For more information about CDRs, two- and three-year calculations, the transition to the three-year calculation, draft and official rates, benefits and sanctions, and challenges and requests for adjustment, as well as TG tools to help a school manage its CDR, see TG's archived webinars, "Managing your cohort default rate" and related training materials, including a Q&A from the session.
In addition, see TG's Default Prevention Internet Resources for a link to ED's Cohort Default Rate Guide Quick Reference and other ED publications designed to assist school users and default prevention and management personnel. For tips on how to develop and integrate proactive default aversion techniques at your school, visit TG's archived webinar, "Default Aversion 101" and related training materials, including a timeline of default aversion activities and a Q&A from this session.
For questions about CDR and related issues, contact TG customer assistance at (800) 845-6267, or send an email message to cust.assist@tgslc.org.
Save the date
On February 4, 2010, TG will provide a new webinar, "How to Challenge Your Cohort Default Rate," which will describe the process for challenging data contained in draft CDRs, as well as the types and timelines for data challenges. Intended for school personnel directly responsible for monitoring and verifying the accuracy of a school's CDR, this webinar will be broadcast at 10 a.m. Central Time and repeated at 3 p.m. Central Time.
On December 16, 2009, ED released ECASLA Electronic Announcement (E-ANN) #78, regarding the retention of records needed to establish eligibility of loans pledged to the conduit lender.
According to the Funding Note Purchase Agreement (FPNA), all funding note issuers must provide to the conduit administrator, the conduit manager, and ED an Agreed-Upon Procedures Letter (AUP) regarding whether loans that are pledged to the conduit lender are eligible loans. The FPNA states in part:
"The AUP must be conducted in accordance with guidelines published periodically by the Department and must be submitted following any calendar quarter in which the issuer pledges loans to the conduit lender. Those guidelines have not yet been published. Because the AUP will examine whether loans pledged to the conduit are Eligible Loans under the FNPA, issuers must ensure that the records needed to establish that the loans that were pledged qualify as Eligible Loans."

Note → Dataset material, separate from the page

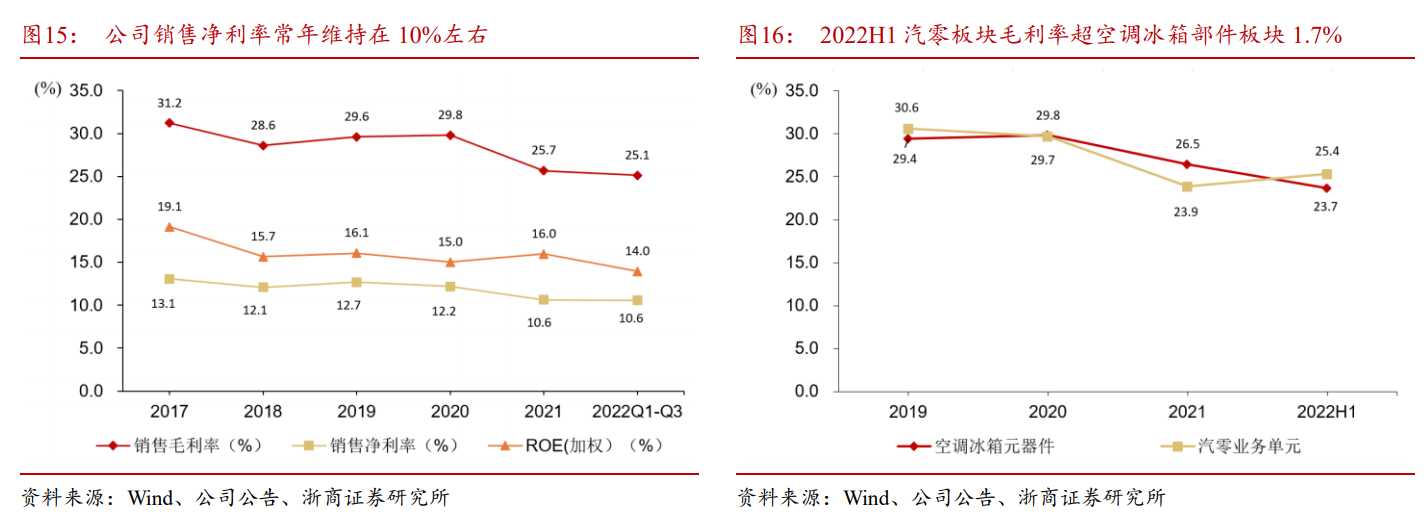 近几年,随着家电行业竞争加剧,以及汽零板块热管理行业玩家越来越多,竞争有所加剧,整体上公司毛利率有所下降,但基本仍然可以保证净利率在10%以上,展现公司具备较强韧性。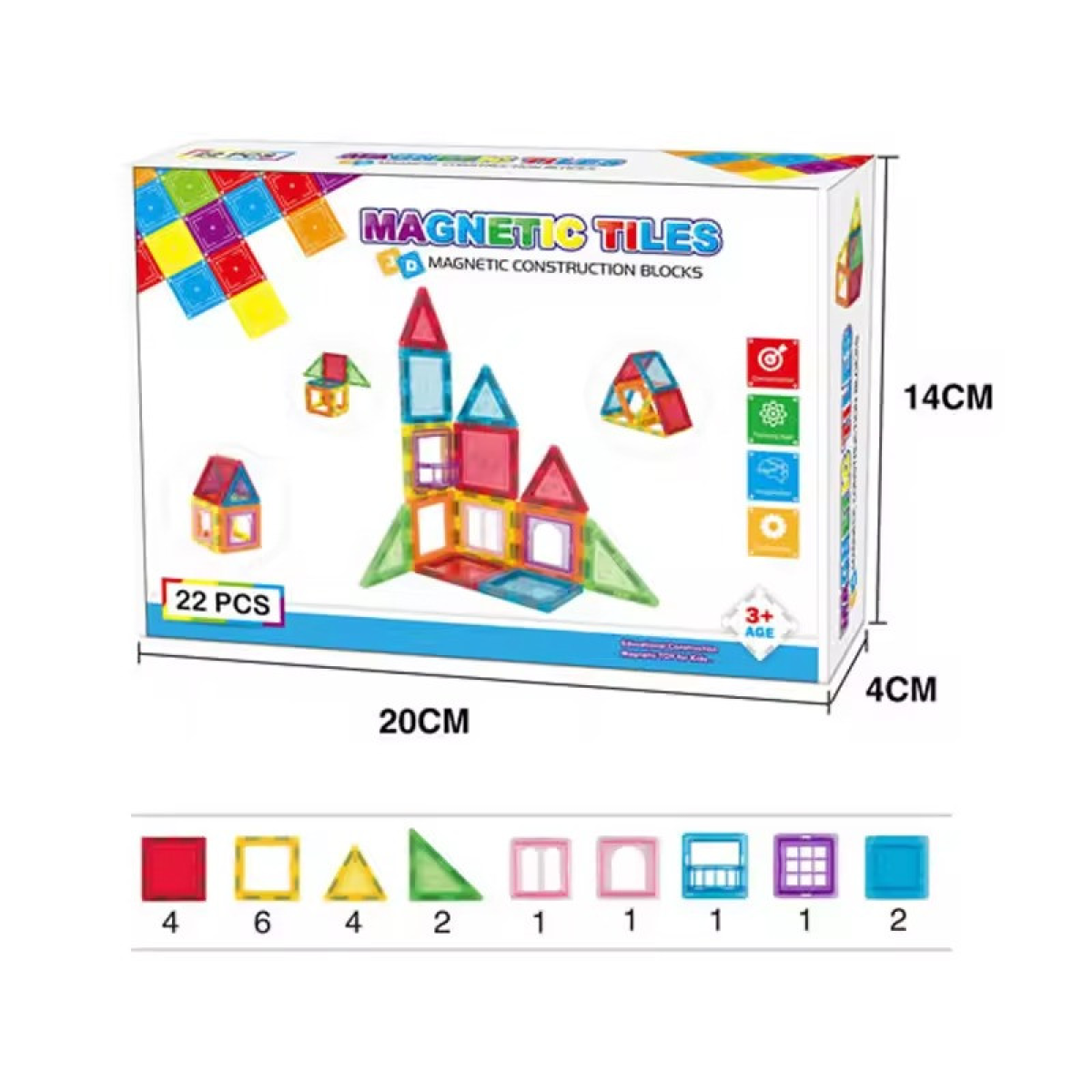 Конструктор магнітний дитячий різнокольоровий, на 22 деталі

An "eligible loan" as defined by the FNPA includes, among other things, the requirement that the loan was selected for sale and/or pledge in accordance with the Loan Sale Allocation Criteria or Loan Pledge Allocation Criteria, as applicable. In addition, the loans sold or pledged (the Pool) must be selected from all or part of the seller's or issuer's Relevant Loan Portfolio as well as representative of the seller's or issuer's Relevant Loan Portfolio. The FPNA goes on to say:
"To demonstrate that the loans were selected as required by the FNPA, the Pool of loans selected must be compared with the Relevant Loan Portfolio from which it was selected. That comparison requires the seller or issuer to retain an accurate and complete record of the specific loans that comprised that particular Relevant Loan Portfolio. If the Pool is one that must be tested for compliance with the four Threshold Tests, the seller or issuer must include in the records sufficient details to show the average principal balance, school type, payment status, and type of each loan comprising both the Pool and the Relevant Loan Portfolio. In addition, the records must contain sufficient details to show that the Pool has met each Threshold Test."
More information
The complete announcement and attachments, as well as all previous ECASLA E-ANNs, are available on ED's ECASLA website at http://federalstudentaid.ed.gov/ffelp.
In the final rules published on October 29, 2009, the Federal Register reorganized and expanded §682.205 to include a series of new disclosures as required by the Higher Education Opportunity Act (HEOA). One new disclosure requirement, as outlined in §682.205(c)(4), notes that a disclosure must be provided to those borrowers having difficulty making payments. For a borrower who has notified the lender that he or she is having difficulty making payments, the lender is required to provide the borrower with information pertaining to:
ED recently clarified in private letter guidance that "a purely lender-initiated contact with a borrower, such as a due diligence contact that is not in response to a borrower-triggering contact, is not subject to this particular disclosure requirement."
The above disclosure is provided when the borrower contacts the lender. Section 433(e)(2) of the Higher Education Act states that "each eligible lender shall provide [this information] to a borrower who has notified the lender that the borrower is having difficulty making payments." Further, ED has interpreted "notified" to mean that the borrower independently initiates contact with the lender through various means, including but not limited to, phone, letter, email, or text message.
More information
To obtain additional information about lender disclosures, lenders are encouraged to review the October 29, 2009, edition of the Federal Register.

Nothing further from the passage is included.